- Opening Delimiter -

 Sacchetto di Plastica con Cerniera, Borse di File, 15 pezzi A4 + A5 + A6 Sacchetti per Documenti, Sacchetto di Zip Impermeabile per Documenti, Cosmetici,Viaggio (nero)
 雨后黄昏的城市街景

- Closing Delimiter -
- Opening Delimiter -

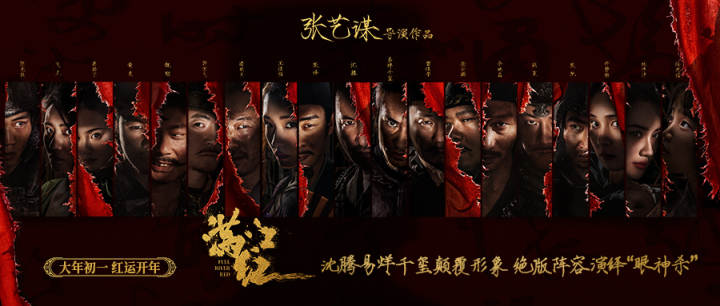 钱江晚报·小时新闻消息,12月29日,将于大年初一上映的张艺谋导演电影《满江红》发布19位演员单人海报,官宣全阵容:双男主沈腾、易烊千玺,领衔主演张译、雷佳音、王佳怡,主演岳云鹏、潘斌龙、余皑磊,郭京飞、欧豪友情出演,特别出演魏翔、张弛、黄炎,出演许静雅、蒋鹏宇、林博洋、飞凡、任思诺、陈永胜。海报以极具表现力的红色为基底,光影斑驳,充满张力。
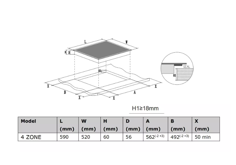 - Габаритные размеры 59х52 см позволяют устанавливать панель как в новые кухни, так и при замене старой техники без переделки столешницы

- Closing Delimiter -

--- Problem statement ---
Here the job is to copy the stretch of records from the line containing "钱江晚报·小时新闻消息,12" through the line containing "- Габаритные размеры", word for word. Leave every picture out.

--- Task result ---
 钱江晚报·小时新闻消息,12月29日,将于大年初一上映的张艺谋导演电影《满江红》发布19位演员单人海报,官宣全阵容:双男主沈腾、易烊千玺,领衔主演张译、雷佳音、王佳怡,主演岳云鹏、潘斌龙、余皑磊,郭京飞、欧豪友情出演,特别出演魏翔、张弛、黄炎,出演许静雅、蒋鹏宇、林博洋、飞凡、任思诺、陈永胜。海报以极具表现力的红色为基底,光影斑驳,充满张力。
 - Габаритные размеры 59х52 см позволяют устанавливать панель как в новые кухни, так и при замене старой техники без переделки столешницы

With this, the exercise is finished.